=== Begin Enclosure ===

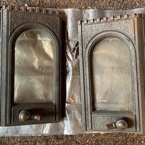 Delene tilhører en eldre Jøtul 80 Maxi peisinnsats. 2stk doble dører, frontleppe og hengsler/splinter/fester. Dørene er 39cm høye og trenger nye pakninger.
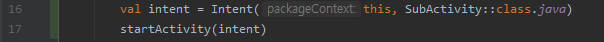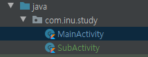 서브 액티비티를 실행하는 코드는 startActivity()로 Intent 객체를 인자로 받습니다. 그리고 Intent는 서브 액티비티에 대한 정보를 갖고 있어야 합니다. 그래서 Intent 객체를 미리 만들어 주었는데, Intent의 생성자는 Context와 서브 액티비티 class자체를 받습니다. 서브액티비티 클래스는 액티비티를 만들면서 자동으로 추가됩니다.
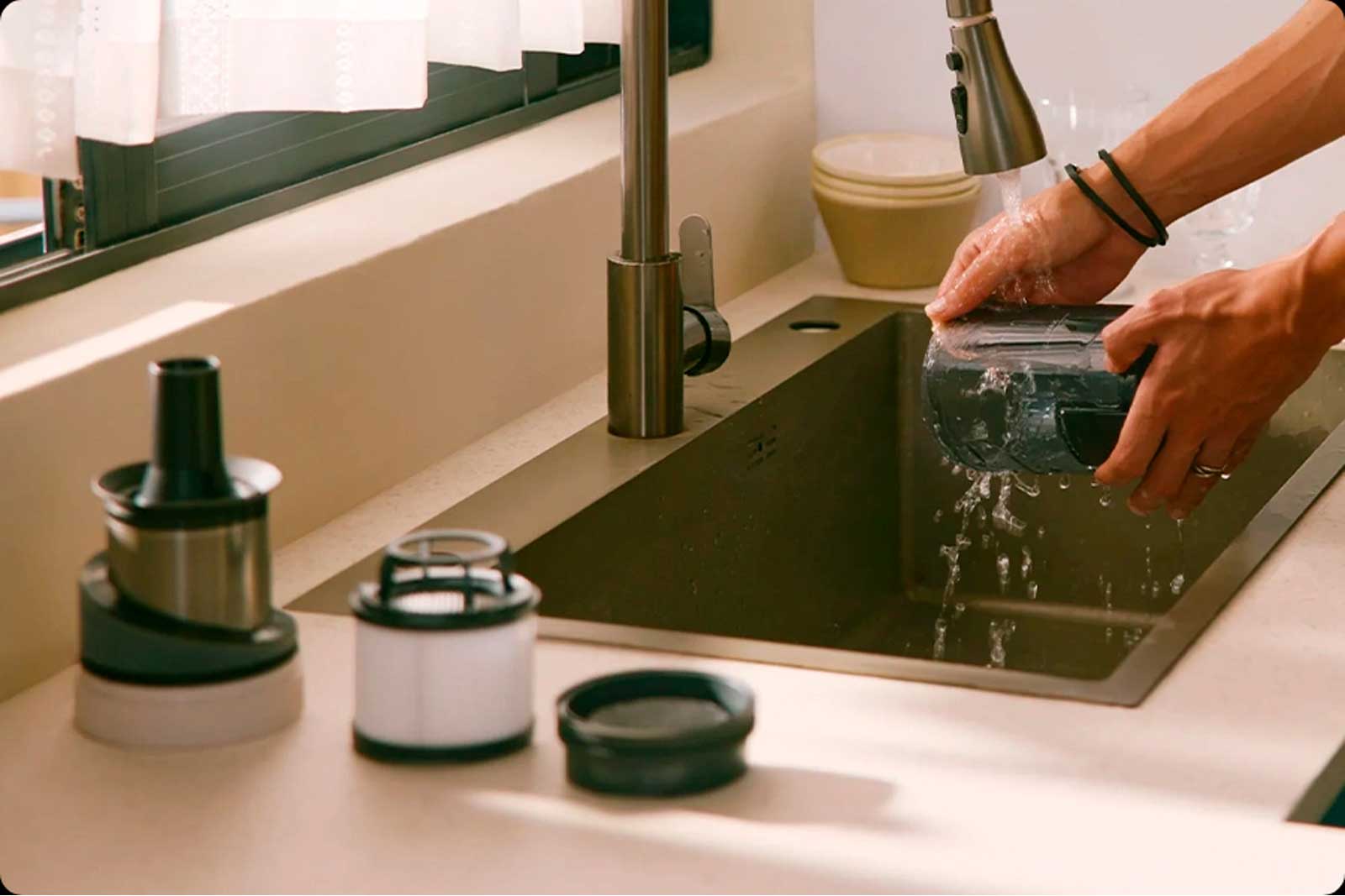 Все фильтры, включая HEPA, а также пылесборник пылесоса Roborock H60 выполнены из материалов, которые можно многократно мыть. После уборки контейнер опорожняется одним нажатием кнопки, затем легко промывается водой. Фильтры также
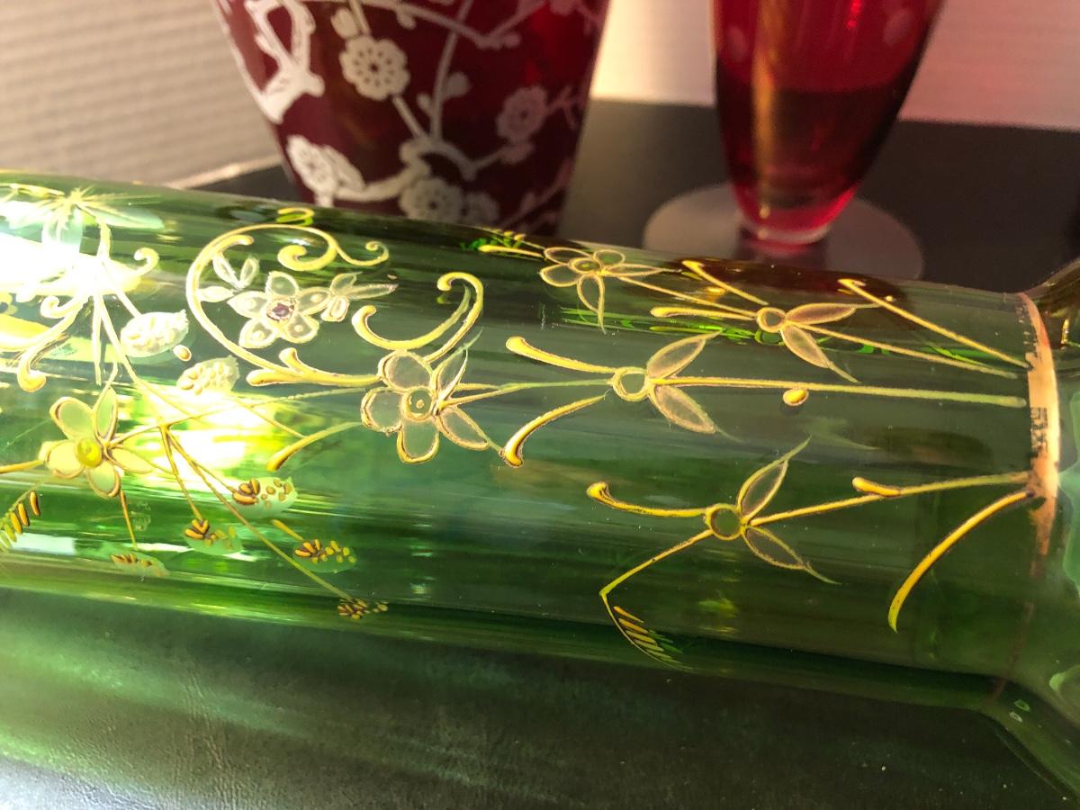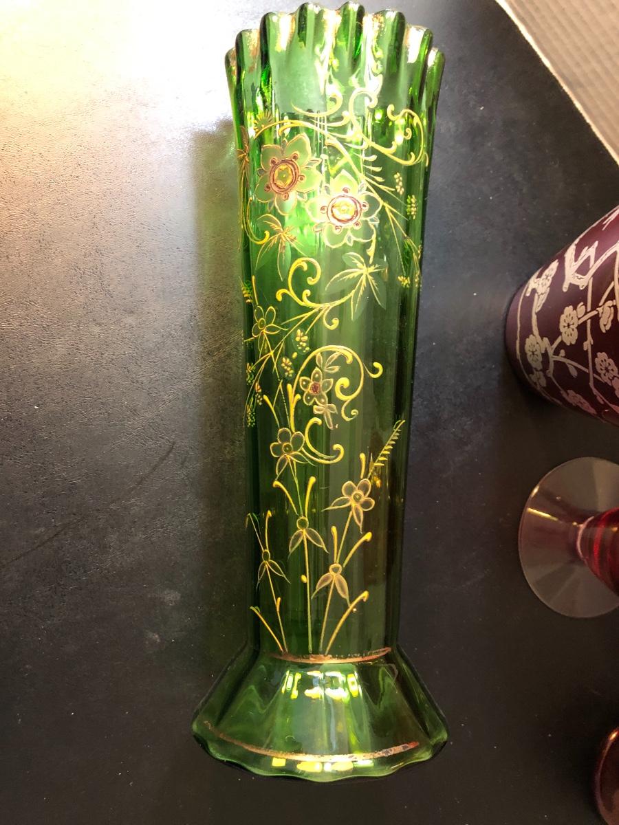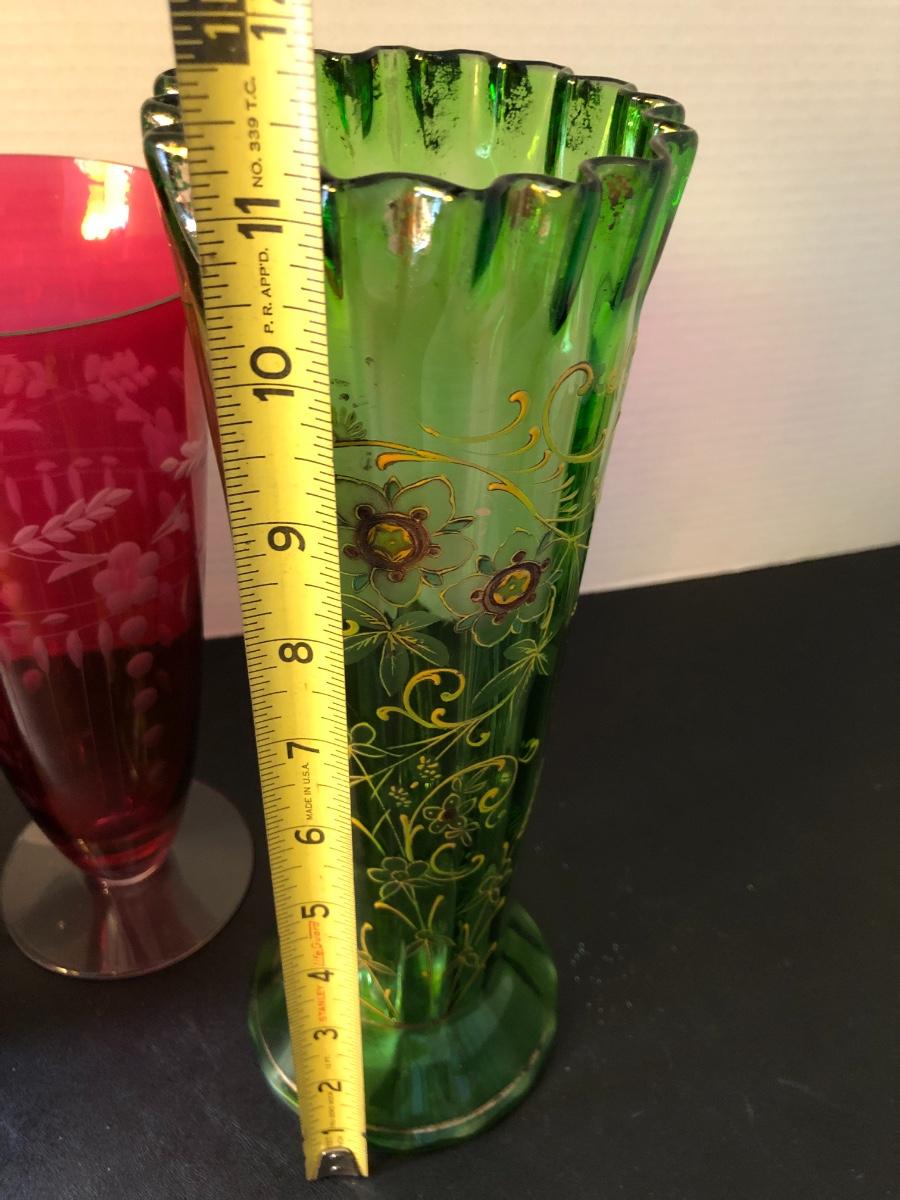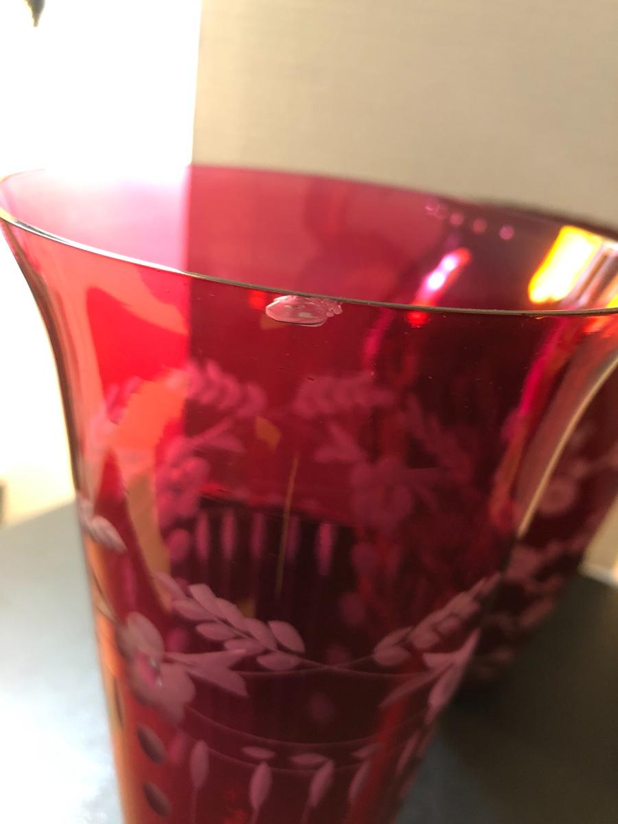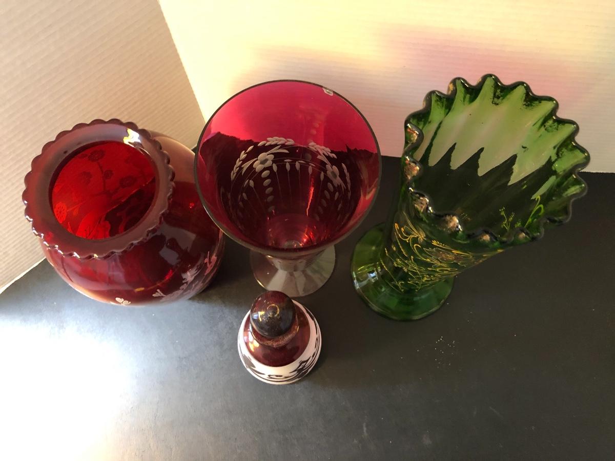 As always - NEVER A BUYER'S PREMIUM - NO CREDIT CARD FEES - All items start at $10 and are being auctioned with NO RESERVES to the high bidder. Tall Red Vase has chip around rim.
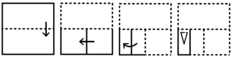 The sequence of folding a piece of paper and the manner in which the folded paper has been cut is shown in the following figures. How would this paper look when unfolded?
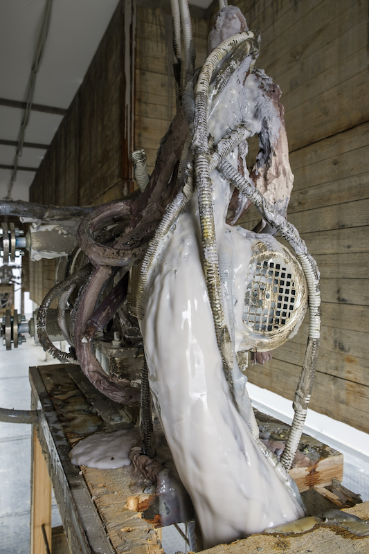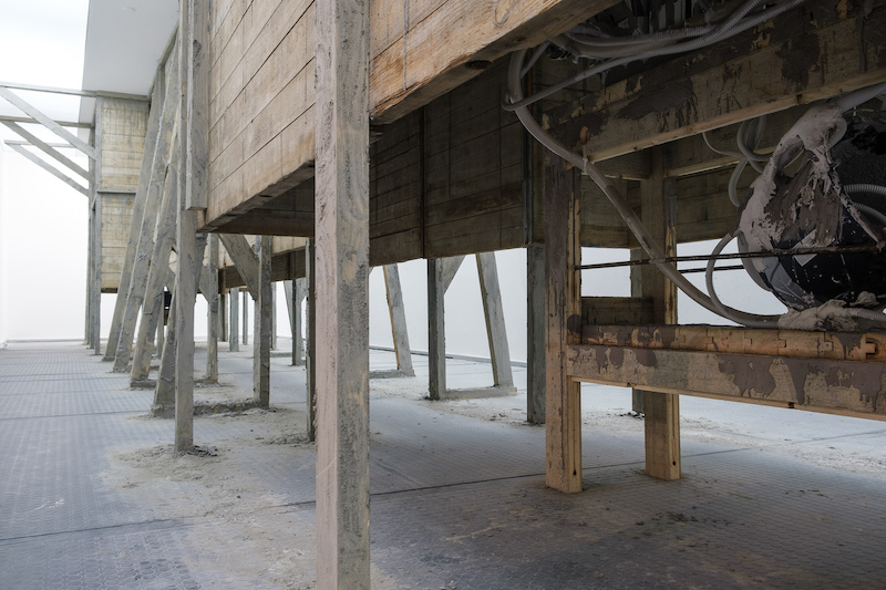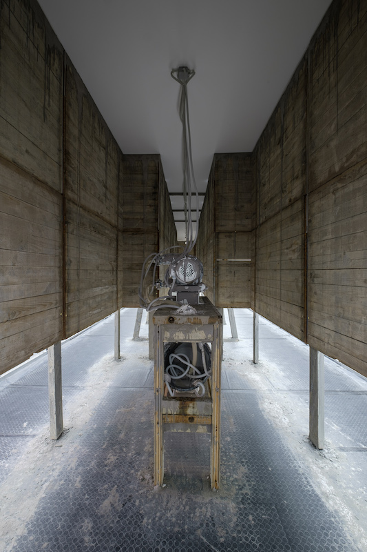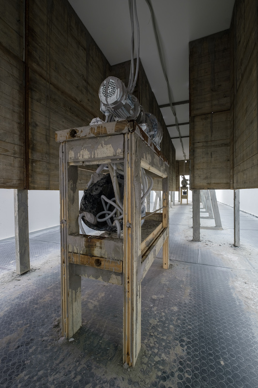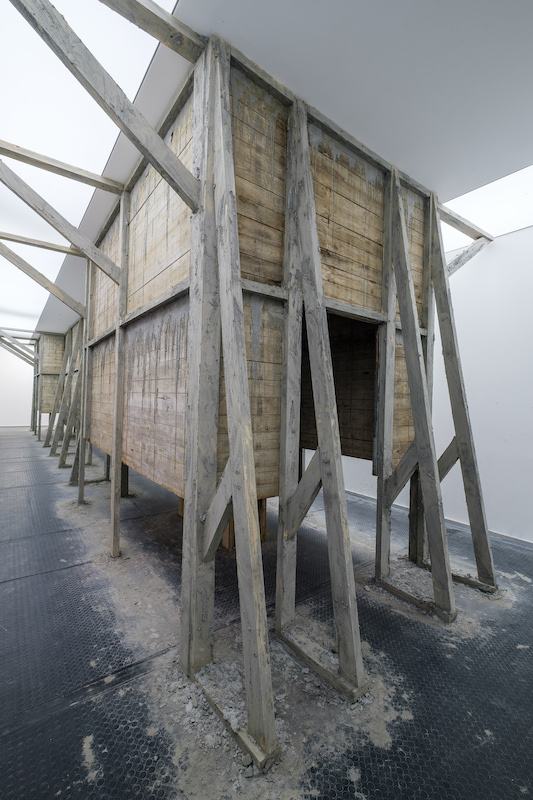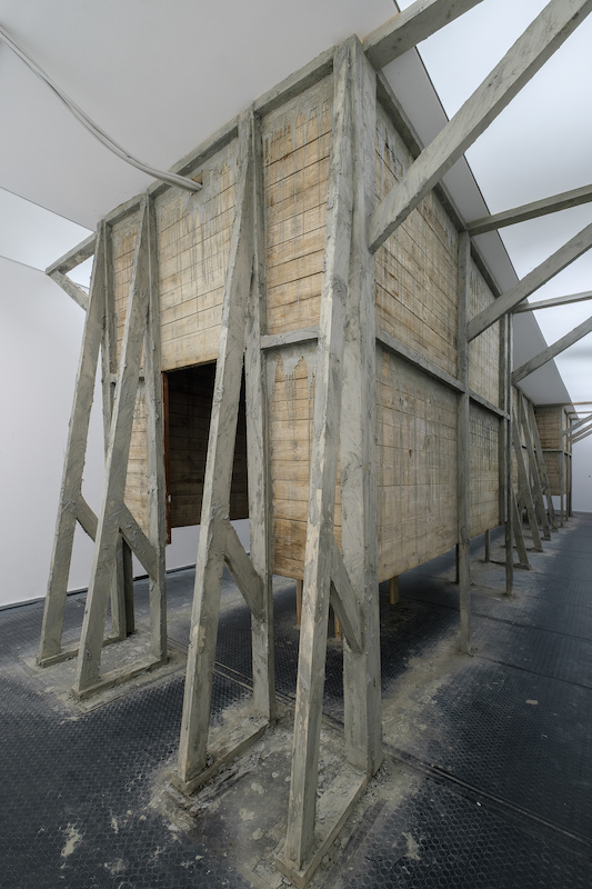 2021, used formworks, concrete, peristaltic pumps, children’s stockings, glycerin, plaster, House scale 3m tall 15m long, two pump rooms 2.5m wide, corridor in between 80cm wide, dimensions variable, commissioned by PinchukArtCentre.

=== End Enclosure ===

* Exercise *
All of the entries above must be reproduced exactly, and no image may be included.

* Completed task *
 Delene tilhører en eldre Jøtul 80 Maxi peisinnsats. 2stk doble dører, frontleppe og hengsler/splinter/fester. Dørene er 39cm høye og trenger nye pakninger.
 서브 액티비티를 실행하는 코드는 startActivity()로 Intent 객체를 인자로 받습니다. 그리고 Intent는 서브 액티비티에 대한 정보를 갖고 있어야 합니다. 그래서 Intent 객체를 미리 만들어 주었는데, Intent의 생성자는 Context와 서브 액티비티 class자체를 받습니다. 서브액티비티 클래스는 액티비티를 만들면서 자동으로 추가됩니다.
 Все фильтры, включая HEPA, а также пылесборник пылесоса Roborock H60 выполнены из материалов, которые можно многократно мыть. После уборки контейнер опорожняется одним нажатием кнопки, затем легко промывается водой. Фильтры также
 As always - NEVER A BUYER'S PREMIUM - NO CREDIT CARD FEES - All items start at $10 and are being auctioned with NO RESERVES to the high bidder. Tall Red Vase has chip around rim.
 The sequence of folding a piece of paper and the manner in which the folded paper has been cut is shown in the following figures. How would this paper look when unfolded?
 2021, used formworks, concrete, peristaltic pumps, children’s stockings, glycerin, plaster, House scale 3m tall 15m long, two pump rooms 2.5m wide, corridor in between 80cm wide, dimensions variable, commissioned by PinchukArtCentre.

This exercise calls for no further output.